И эта мысль неотвязно преследовала Герайнта, и он почувствовал гнев и позвал своего оруженосца. И тот пришел к нему «Вели скорее, – сказал Герайнт, – приготовить моего коня и доспехи. И ты вставай, – обратился он к Энид, – и одевайся, и вели приготовить себе коня, и надень худшее из своих платьев для верховой езды. Будь я проклят, если ты вернешься сюда прежде, чем узнаешь, лишился ли я силы и славы, о которых ты говорила. И может быть, ты освободишься от моей опеки, как ты мечтала». И она встала, и надела свое самое скромное платье, и сказала: «Я не понимаю, о чем ты говоришь, господин». – «Скоро поймешь», – сказал он.
И после Герайнт пошел к Эрбину. «Отец, – сказал он, – я уезжаю и не думаю, что вернусь скоро. Сможешь ты последить за своими владениями до моего возвращения?» – «Смогу, сын мой, – ответил тот, – но меня удивляет, что ты уезжаешь столь неожиданно. И кто поедет с тобой? Ведь ты не из тех людей, что могут странствовать по Ллогру в одиночку». [392] – «Никто не поедет со мной, отец, кроме еще одного человека». – «Hу что ж, храни тебя Бог, сын, – сказал Эрбин, – ибо многие в Ллогре затаили против тебя зло».
392
Имеется в виду, что многие затаили злобу на Герайнта, будучи побеждены им в свое время.

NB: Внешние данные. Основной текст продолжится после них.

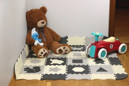 Die Stärke von 0,9 cm federt angenehm, dämpft Stürze und Geräusche und isoliert gegen kalte Böden – ideal für Kinder- oder Wohnzimmer.
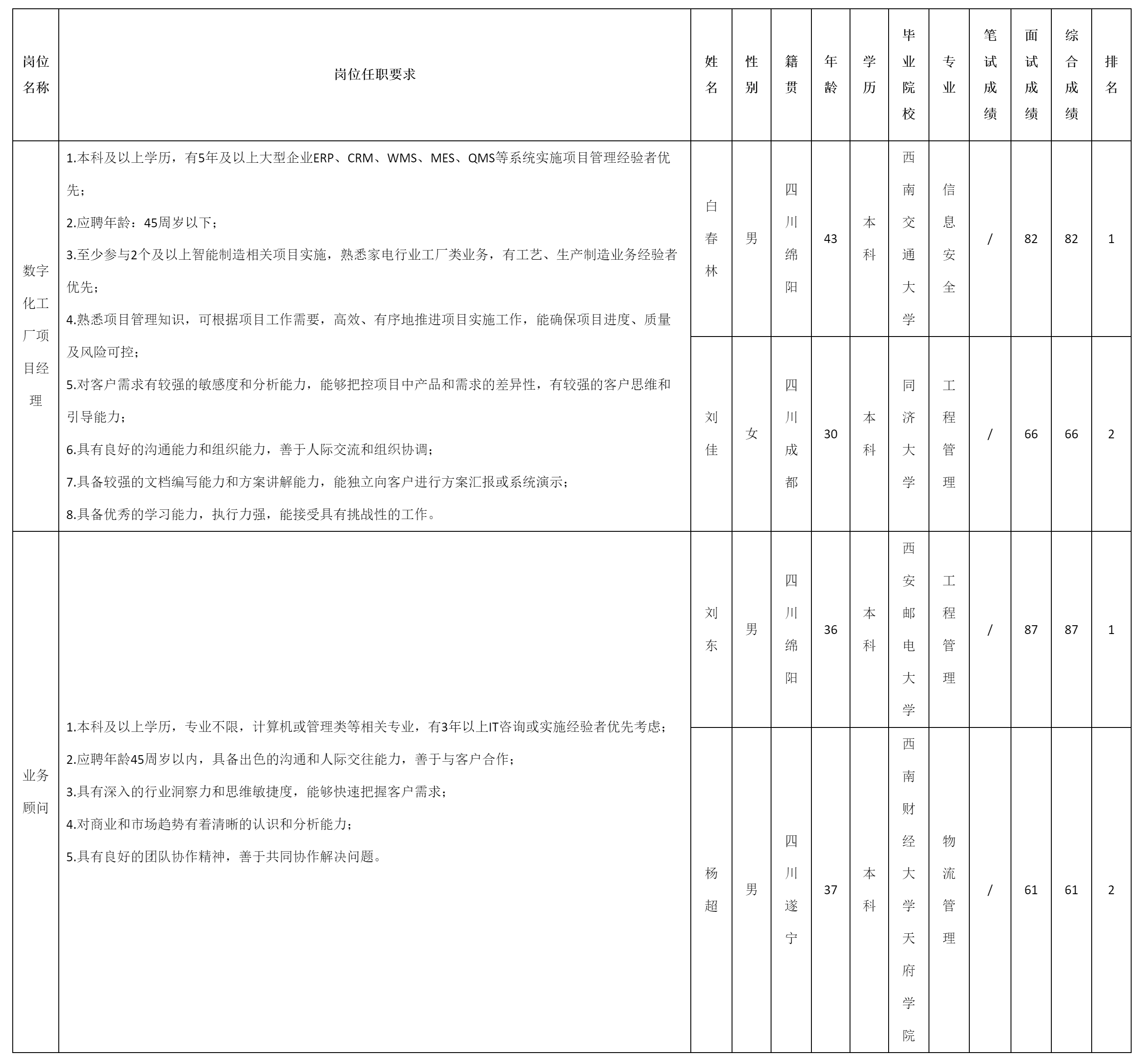 根據(jù)四川虹信軟件股份有限公司發(fā)布的招聘公告及招聘相關(guān)規(guī)定,經(jīng)面試等程序,現(xiàn)將面試成績予以公示。

И Герайнт пошел к своему коню, закованному в тяжелую броню иноземной работы. И он велел Энид сесть на ее коня и ехать впереди него на большом расстоянии. «Что бы ты ни увидела и что бы ты ни услышала, – сказал он ей, – не подъезжай ко мне; и не говори ни слова, пока я сам не заговорю с тобой».
И они двинулись в путь, и он выбрал не легкую проторенную дорогу, но глухую тропу, по которой ходили воры, разбойники да дикие звери, и по ней они ехали вдвоем. И вскоре они увидели обширный лес, и углубились в него, и там встретили четырех вооруженных людей верхом на конях. И эти люди увидели их, и один из них сказал: «Самое время нам завладеть двумя конями, и оружием, и девицей в придачу. Ведь мы легко одолеем этого сонного и унылого рыцаря». Энид же услышала его слова, но, боясь гнева Герайнта, не знала, смолчать или сказать ему об этом. «Гнев Божий падет на меня, – сказала она себе, – если я не предпочту смерть от его руки и не скажу ему то, что услышала, чтобы не дать ему умереть столь бесславно». И она дождалась Герайнта и спросила его: «Господин, слышал ли ты, о чем говорят те люди?» Он же поднял голову и в гневе посмотрел на нее. «Я ведь
И они ехали по лесу, пока не достигли широкого поля, поросшего кустарником, и там они увидели трех людей верхом на конях, вооруженных и закованных в броню. И Энид смотрела на них и, когда они подъехали ближе, услышала их разговор. «Смотрите, к нам в руки идет легкая добыча, – говорили они, – четыре коня и четыре доспеха. Мы легко отберем все это у того усталого рыцаря, и девушку в придачу». – «Это верно, – сказала она себе, – муж мой устал от битвы с теми людьми. Гнев Божий падет на меня, если я не предупрежу его». И она подождала Герайнта и спросила его: «Господин, слышал ли ты, о чем говорят те люди?» – «О чем же?» – спросил он. «Они сговариваются отнять у тебя твою добычу». – «Клянусь Богом, – сказал он, – меня гораздо больше волнует то, что ты опять нарушила мою просьбу и не смолчала». – «Hо, господин, – сказала она, – я боялась, что они захватят тебя врасплох». – «Молчи об этом, я не нуждаюсь в твоих предупреждениях». И после этих слов один из всадников опустил копье, и кинулся на Герайнта, и со всех сил ударил его. Hо Герайнт выдержал этот удар и ударил всадника в самую середину щита, так что копье пробило ему грудь, и он мертвым свалился с коня на землю. Тогда другие два всадника налетели на Герайнта, но их участь оказалась столь же плачевна. Энид же стояла и смотрела на это, и, с одной стороны, она печалилась, думая, что Герайнт ранен ударом первого всадника, но, с другой стороны радовалась, видя его победу. После этого Герайнт спешился, и привязал три доспеха к седлам, и связал коней вместе, так что всего их стало семь.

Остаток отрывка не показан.